Clarification on my Geisha love

OK the last post seems to have sparked a few emails (in a few I say 4 but a few sounds much better), and they keep coming so I’m going to explain what I mean by my geisha love.

In the original post I wrote

“For years now I have held a deep routed concern regarding the geisha coffee varietal and its rising popularity. I think there can be no question that the emergence of geisha in the specialty community is one of the largest phenomenon’s I have witnessed in my short time of being involved in this coffee thing.


I have been banging a drum ever since this coffee arrived, worrying about the message we send to the farmers by paying this high price for a varietal without discussing why we like it so, and without sending a warning.”

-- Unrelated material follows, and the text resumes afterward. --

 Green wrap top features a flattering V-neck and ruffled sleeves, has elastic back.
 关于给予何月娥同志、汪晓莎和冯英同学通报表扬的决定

I still am worried about the effect it will have on the coffee we receive and I know 100% we will se some of the most horrid coffee offered at the most horrid of prices labeled up as Geisha. But I also see some of the most horrendous coffee marked up as Bourbon. what we should be encouraging and trying to find is the best varietal for there terroir (did I just really say terroir groan) or there climate, soil conditions and altitude.

But equally the point I was trying to get across was that lets not just rule out Geisha (as I had) because of pre conceived ideas. As the coffee that were launching tomorrow shows that in the right terroir (someone please stop me) it can produce one of the most amazing cups of the year for me, that I was not expecting.

Hope this clears it up a little.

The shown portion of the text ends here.